[Opening Source material section]

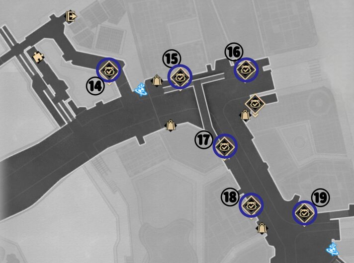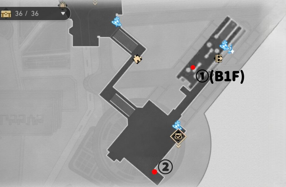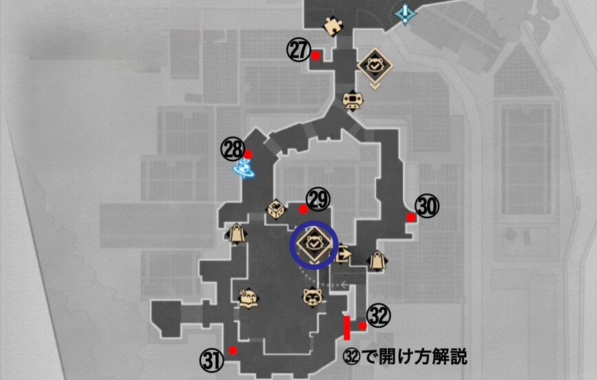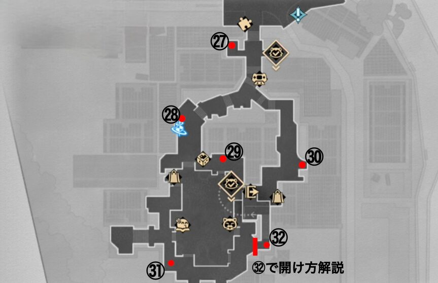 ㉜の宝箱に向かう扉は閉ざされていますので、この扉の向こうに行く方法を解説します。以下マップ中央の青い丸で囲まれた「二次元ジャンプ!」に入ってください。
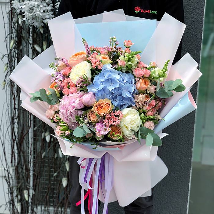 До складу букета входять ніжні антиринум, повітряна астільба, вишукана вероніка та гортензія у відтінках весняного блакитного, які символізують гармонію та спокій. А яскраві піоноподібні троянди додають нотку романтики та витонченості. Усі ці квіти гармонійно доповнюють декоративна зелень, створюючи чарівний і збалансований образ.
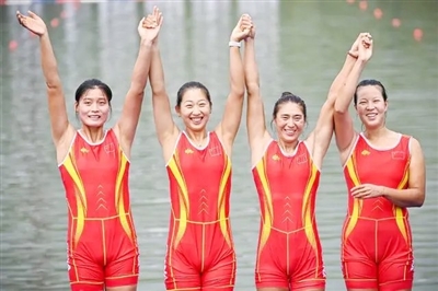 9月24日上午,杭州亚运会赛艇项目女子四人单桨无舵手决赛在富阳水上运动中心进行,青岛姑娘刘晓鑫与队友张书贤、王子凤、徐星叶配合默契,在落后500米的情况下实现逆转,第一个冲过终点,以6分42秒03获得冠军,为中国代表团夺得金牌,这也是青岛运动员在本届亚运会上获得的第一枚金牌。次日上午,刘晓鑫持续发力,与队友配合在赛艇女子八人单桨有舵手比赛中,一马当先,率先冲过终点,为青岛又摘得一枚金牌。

[Closing Source material section]
[Opening Source material section]

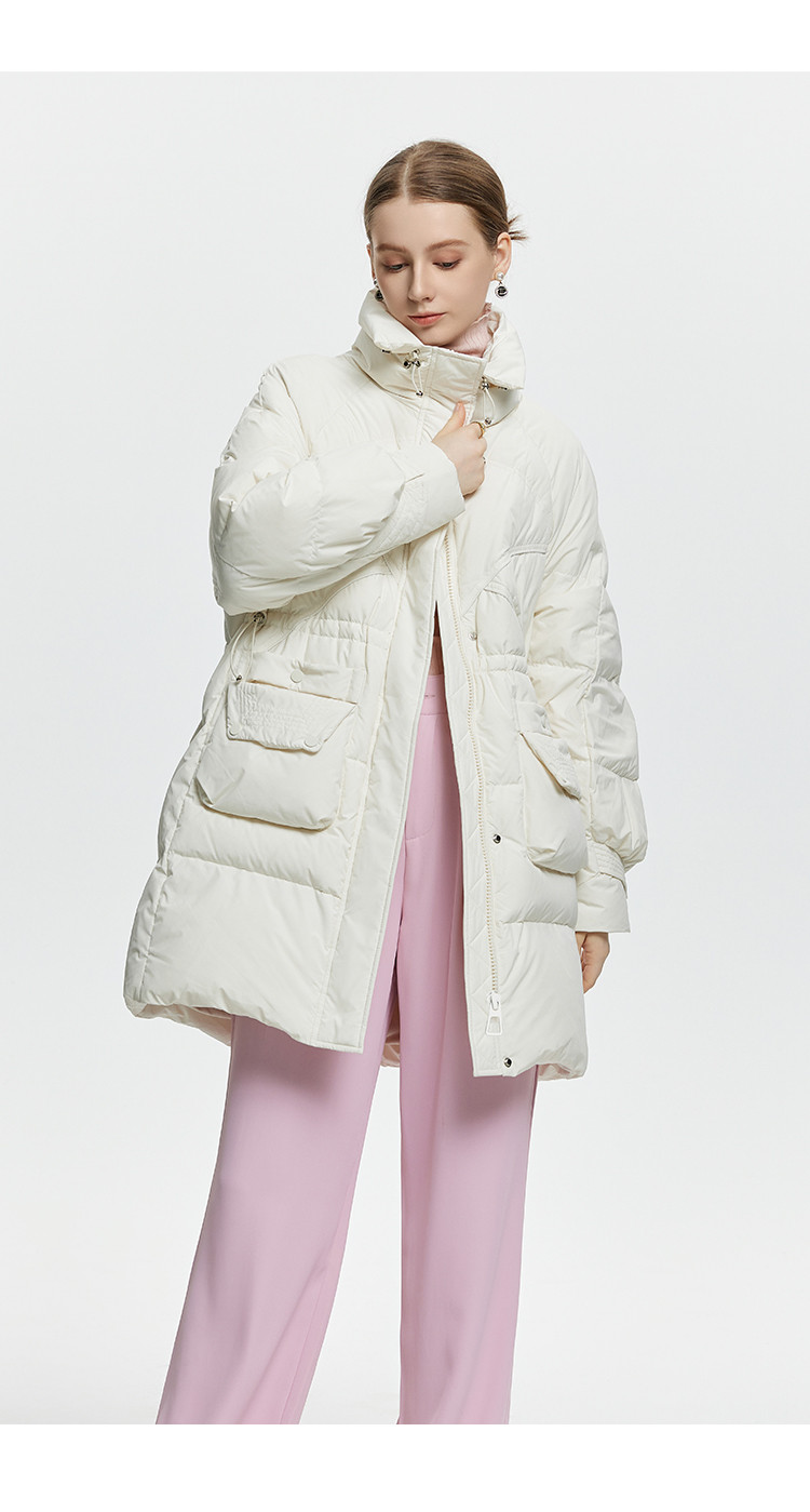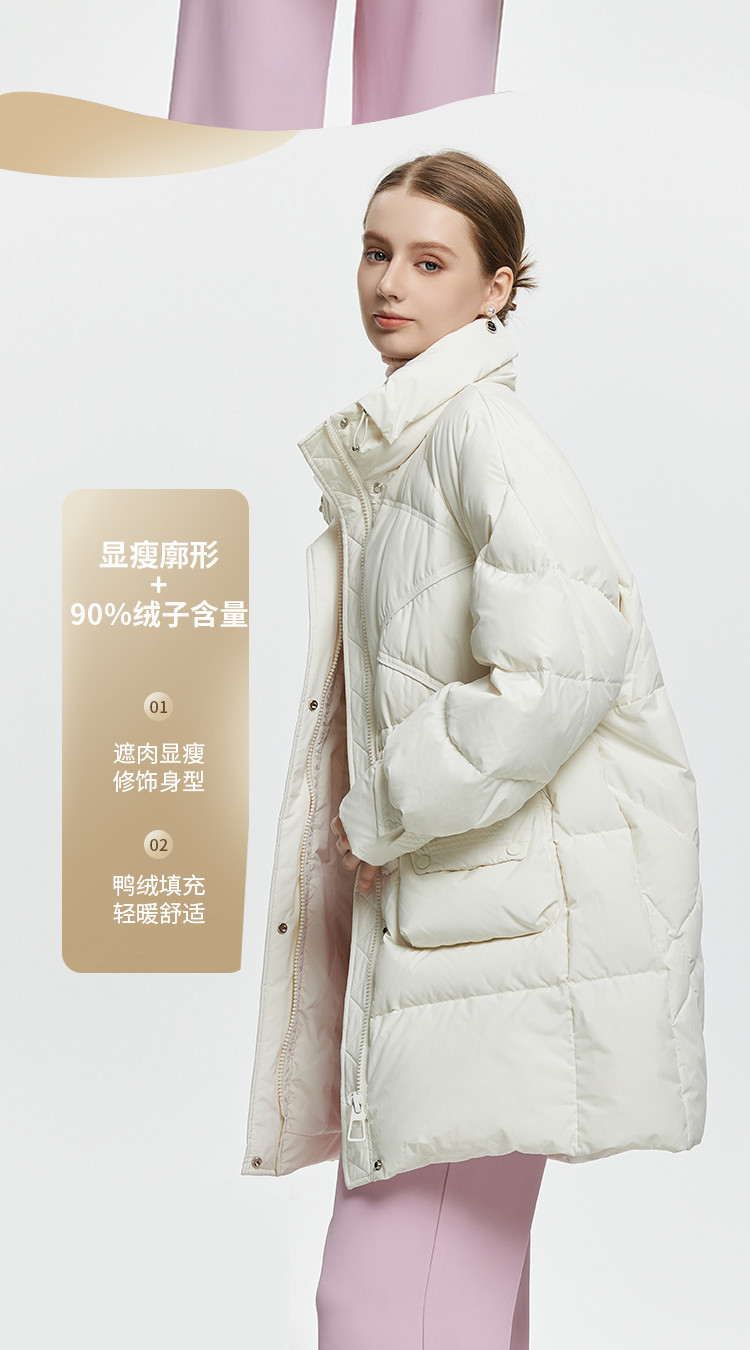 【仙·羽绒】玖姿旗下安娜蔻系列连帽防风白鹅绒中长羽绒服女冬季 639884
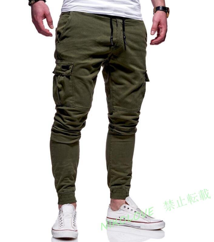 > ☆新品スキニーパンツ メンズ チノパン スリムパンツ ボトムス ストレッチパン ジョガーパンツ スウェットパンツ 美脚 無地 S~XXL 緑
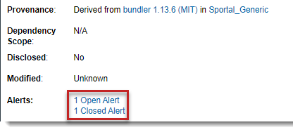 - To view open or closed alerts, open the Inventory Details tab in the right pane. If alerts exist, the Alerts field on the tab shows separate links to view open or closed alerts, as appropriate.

[Closing Source material section]
[Opening Source material section]

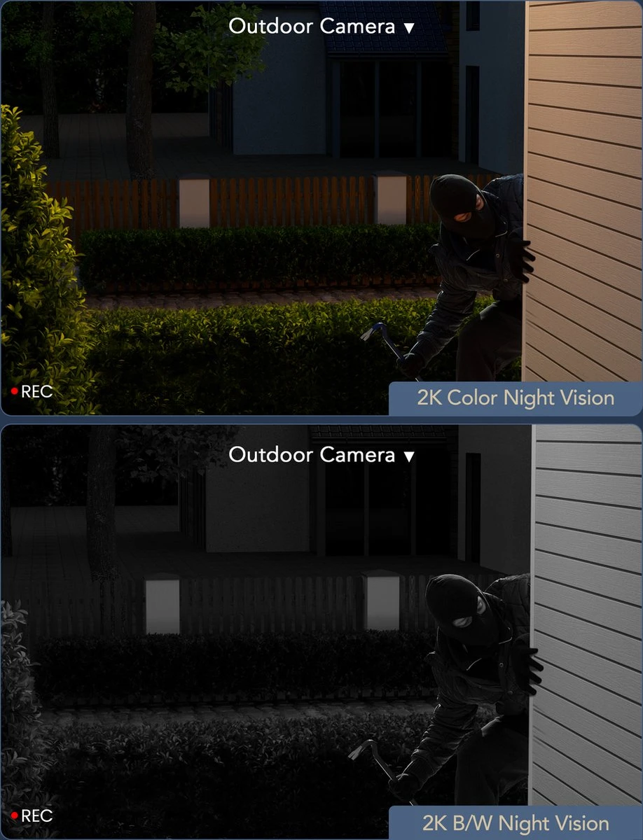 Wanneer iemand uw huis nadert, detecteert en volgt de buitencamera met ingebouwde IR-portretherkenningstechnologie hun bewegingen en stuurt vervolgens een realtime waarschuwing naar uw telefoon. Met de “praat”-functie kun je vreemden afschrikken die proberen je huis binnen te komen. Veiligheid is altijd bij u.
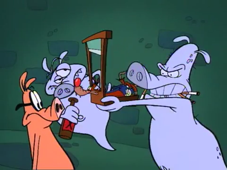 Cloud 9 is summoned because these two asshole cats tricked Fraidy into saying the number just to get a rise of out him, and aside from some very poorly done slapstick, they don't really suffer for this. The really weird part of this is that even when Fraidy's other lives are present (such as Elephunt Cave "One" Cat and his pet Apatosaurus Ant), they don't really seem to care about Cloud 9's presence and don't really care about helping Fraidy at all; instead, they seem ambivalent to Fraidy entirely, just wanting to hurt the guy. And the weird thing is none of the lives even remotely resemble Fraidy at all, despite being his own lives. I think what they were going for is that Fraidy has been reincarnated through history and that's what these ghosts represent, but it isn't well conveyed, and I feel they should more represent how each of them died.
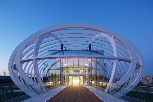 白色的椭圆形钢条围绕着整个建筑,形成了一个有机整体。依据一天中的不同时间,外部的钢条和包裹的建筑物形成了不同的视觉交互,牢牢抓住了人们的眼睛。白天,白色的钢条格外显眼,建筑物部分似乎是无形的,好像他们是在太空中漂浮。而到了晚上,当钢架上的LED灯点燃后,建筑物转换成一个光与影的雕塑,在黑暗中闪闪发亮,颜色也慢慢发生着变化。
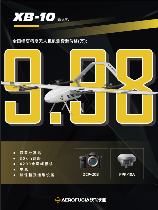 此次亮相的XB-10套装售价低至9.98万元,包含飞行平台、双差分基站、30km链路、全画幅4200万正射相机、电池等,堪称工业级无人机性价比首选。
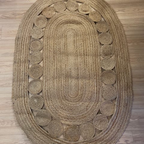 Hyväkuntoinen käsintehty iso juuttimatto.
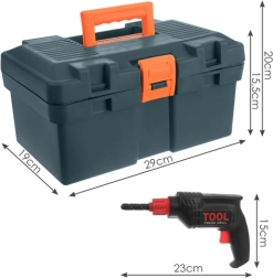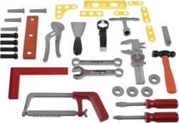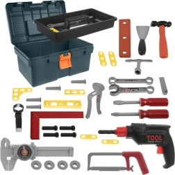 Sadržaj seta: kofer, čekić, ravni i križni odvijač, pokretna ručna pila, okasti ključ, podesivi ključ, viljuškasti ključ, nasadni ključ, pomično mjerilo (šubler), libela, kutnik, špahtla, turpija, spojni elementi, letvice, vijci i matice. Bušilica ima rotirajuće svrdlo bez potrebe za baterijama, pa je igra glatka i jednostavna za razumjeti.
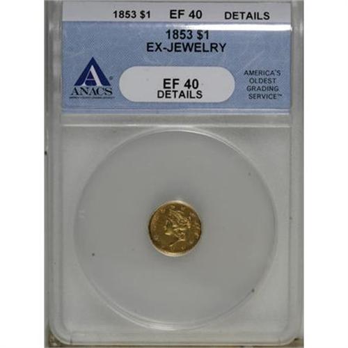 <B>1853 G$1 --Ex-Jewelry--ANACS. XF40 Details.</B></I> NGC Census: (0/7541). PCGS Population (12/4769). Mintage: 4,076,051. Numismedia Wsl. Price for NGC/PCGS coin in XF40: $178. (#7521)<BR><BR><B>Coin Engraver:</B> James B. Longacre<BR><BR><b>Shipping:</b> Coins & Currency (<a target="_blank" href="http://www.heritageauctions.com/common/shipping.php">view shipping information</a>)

[Closing Source material section]

Prompt:
For this exercise, reproduce exactly the lines of the records above from the one with "㉜の宝箱に向かう扉は閉ざされ" up to and including the one with "9月24日上午,杭州亚运会赛", without pictures.

Exercise solution:
 ㉜の宝箱に向かう扉は閉ざされていますので、この扉の向こうに行く方法を解説します。以下マップ中央の青い丸で囲まれた「二次元ジャンプ!」に入ってください。
 До складу букета входять ніжні антиринум, повітряна астільба, вишукана вероніка та гортензія у відтінках весняного блакитного, які символізують гармонію та спокій. А яскраві піоноподібні троянди додають нотку романтики та витонченості. Усі ці квіти гармонійно доповнюють декоративна зелень, створюючи чарівний і збалансований образ.
 9月24日上午,杭州亚运会赛艇项目女子四人单桨无舵手决赛在富阳水上运动中心进行,青岛姑娘刘晓鑫与队友张书贤、王子凤、徐星叶配合默契,在落后500米的情况下实现逆转,第一个冲过终点,以6分42秒03获得冠军,为中国代表团夺得金牌,这也是青岛运动员在本届亚运会上获得的第一枚金牌。次日上午,刘晓鑫持续发力,与队友配合在赛艇女子八人单桨有舵手比赛中,一马当先,率先冲过终点,为青岛又摘得一枚金牌。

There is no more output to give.